Lejyonelloz hafif ateşli hastalıktan (Pontiac ateşi), hızlı ve can kaybına neden olabilen pnömoniye (Lejyoner hastalığı) kadar geniş bir hastalık skalasını tanımlar. Hastalığın insandan insana bulaşı yoktur. Erkekler kadınlardan daha çok etkilenmektedir. Pontiac ateşi akciğerler etkilenmeden grip benzeri semptomlarla seyreden, kendi kendine geçen, ciddi bir hastalık tablosu oluşturmayan bir üst solunum yolu hastalığıdır. Lejyoner hastalığında ise bakteriler çoğunlukla damlacık yolu ile alındıktan ortalama 5-6 gün sonra semptomlar ortaya çıkar. Hastalığın erken döneminde basit bir üst solunum yolu enfeksiyon bulguları varken ilerleyen dönemde öksürük, baş ağrısı, yorgunluk, iştahsızlık, solunum sıkıntısı görülmeye başlanır. Rahatsızlık, vücutta birçok sistemin tutulumuna sebep olarak bulantı, kusma, ishal, bilinç değişiklikleri, kalp dokusu ve zarlarının iltihaplanması hatta renal yetmezliğe bile neden olabilir. Tedavisiz vakalarda can kaybı oranı %15’e kadar çıkabilir.

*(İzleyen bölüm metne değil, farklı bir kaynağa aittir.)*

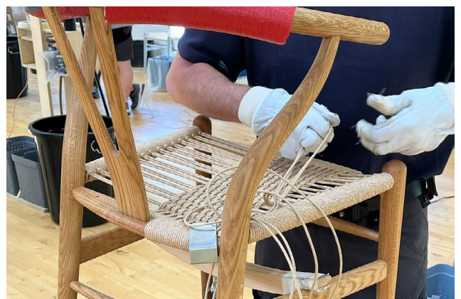
Werkstatt, Carl Hansen

Klinik ve radyolojik olarak diğer pnömonilerden ayırt etmek imkansızdır. Kesin tanı ancak hastalıktan şüphelenildikten sonra vücut sıvılarında bakteriye ait antijen ve antikorların tespit edilmesi ile konur. Tedavisi, tanı konulduktan sonra uygun antibiyotiklerin 10-15 günlük kullanımı ile mümkündür. Tedavi başladıktan 5 gün sonra semptomlarda dramatik bir düzelme olur” dedi.

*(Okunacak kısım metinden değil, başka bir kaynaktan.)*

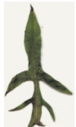
Laiteron des Marais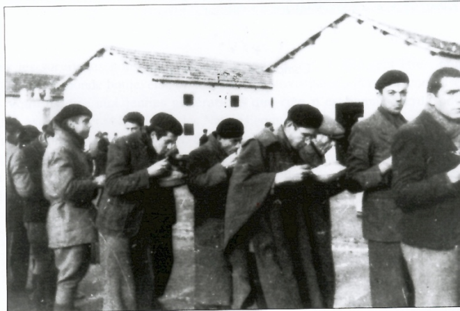
Camp de Miranda de Ebro. La soupe est prise debout.

Nous recevons de nombreux colis de la Croix Rouge Américaine composés d'excellentes conserves. En utilisant ces différentes ressources nous arrivons à manger à peu près correctement, je veux dire une nourriture à peu près correcte. J'ai même plusieurs fois l'occasion de faire de la pâtisserie dans un four que j'ai fabriqué avec deux boîtes à biscuit.

Viral ve Bakteriyel Enfeksiyonlar Oluşabiliyor
Dr. Derya Işık, gerekli filtrelendirme sisteminin yapılmadığı, birçok kapalı mekanı birbirine bağlayan klima sistemlerinin kullanıldığı ortamlarda Lejyonella dışında sık görülen başka hastalıkların da olduğuna değindi: “Soğuk algınlığı, grip ve sinüzite neden olan viral ve bakteriyel enfeksiyonlar bunlara örnek verilebilir. Klima tesisatında ve filtrelerinde biriken polen, toz ve üreyen küf mantarları alerjik rinite ve alerjik astıma sebebiyet vermektedir. Klimalar sadece bakteri, virüs ve mantar yayarak değil; aynı zamanda havadaki nem dengesini değiştirerek ağız, yutak ve solunum yollarında mevcut flora dengemizi bozmakta, kötücül bakterilerin baskın hale gelmesini sağlamakta ve geçmeyen farenjit, boğaz ağrısı, tahriş ve gıcık hissine sebep olmaktadır.”
Korunmak İçin Ne Yapmalı?
Dr. Derya Işık, klimadan bulaşan hastalıklardan korunmak için yapılması gerekenleri ise şöyle anlattı:
İlk olarak periyodik bakım ve temizlik büyük önem taşıyor. Klima sistemlerinde biriken toz, küf ve diğer mikroorganizmaların hastalığa neden olmasını engellemek adına cihazın düzenli aralıklarla profesyonel ekipler tarafından temizlenmesi gereklidir.
Havalandırma sistemlerinde kullanılan filtrelerin sık sık değiştirilmesi hayati öneme sahiptir. Kirli filtrelerde bakteri ve virüsler ürer ve havaya yayılır. Bu yüzden filtre değişim periyotları üretici talimatlarına uygun şekilde yapılmalıdır.
Bir diğer korunma yöntemi de ideal nem oranını sağlamaktır. Hem düşük hem de yüksek nem oranları, mikroorganizma üremesini teşvik eder. Ortamdaki nem oranını %30-%50 aralığında tutmak, sağlık açısından önemlidir.